In order to calculate the electrostatic mean-field interaction, the Poisson equation is solved on a 2D-grid for each time step. The length of the rectangular simulation region in the x-direction is the electrode distance D. Along the y-direction, the length is taken to be 3D. The grid contains 512 points along the electrode axis and 1536 along the other axis. The laser focus is positioned in the center of the rectangle. The pseudo-electrons are sampled on the grid using a linear weighting scheme. We impose the Dirichlet boundary condition for the potential ϕ = 0 at all four edges of the simulation region using the method of image charges. Toward this end, the grid is doubled in size and a charge of opposite sign is injected at the position mirrored along the positive edge. Due to the implicit periodicity of the Fast-Fourier Transform used for solving the Poisson equation, all contributions of the otherwise infinite sum of mirror charges are contained in the calculation. The electric field is obtained in the same step and linearly interpolated onto the positions of the pseudo-electrons. If a particle leaves the simulation region it is not considered anymore in the electrostatic interaction. Across the boundary perpendicular to the electrodes the propagation is continued whereas it is stopped if the pseudo-electron reaches the electrodes. For the pseudo-ions, the potential and field calculation on the grid is only calculated once at the start of the simulation.

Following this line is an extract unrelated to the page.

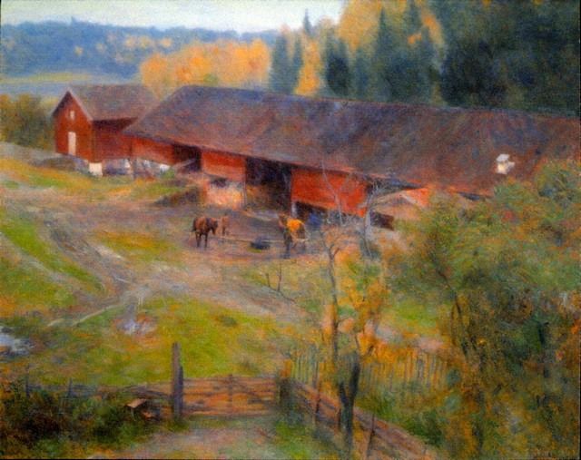 Artist: Erik Theodor Werenskiold - Title: Autumn - Medium: Fine Art Reproduction Giclee on Canvas - Image Size: Approximately 15.75 inches x 20 inches - Unframed on Unstretched Canvas - Biography: Erik Theodor Werenskiold was a Norwegian painter and illustrator. He is especially known for his drawings for the Asbjørnsen and Moe collection of Norske Folkeeventyr, and his illustrations for the Norwegian edition of the Snorri Sturlason Heimskringla.

At each time step, the induced charge Q on both electrodes is calculated using the linear weighting potential of the infinite parallel plates shown above and summing over the ensemble of pseudo-electrons. Since the induced current decays over a timescale of 100 fs–1 ps (cf. discussion in relation to Fig. 7), much faster than the bandwidth of measurement electronics, the measured signal is assumed to be proportional to the induced charge Q averaged from 0.5–1 ns after the start of the simulation, when Q has reached a quasi asymptotic value (see Fig. 7a). The lower bound does, however, not impact the results significantly. In order to obtain the signal in the experiment from the 2D-simulation, the simulated induced charge density is multiplied by the repetition rate of the laser (10 kHz), the transimpedance gain (109 V/A) and the effective ionization length Δzion,eff which is a free parameter, whose order of magnitude should be between the focal spot-size and the Rayleigh length. The used values are Δzion,eff = 7μm (Fig. 4b), Δzion,eff  =  44 μm (Fig. 5), Δzion,eff  =  47 μm (Fig. 6) and Δzion,eff  =  25 μm (Fig. 7c).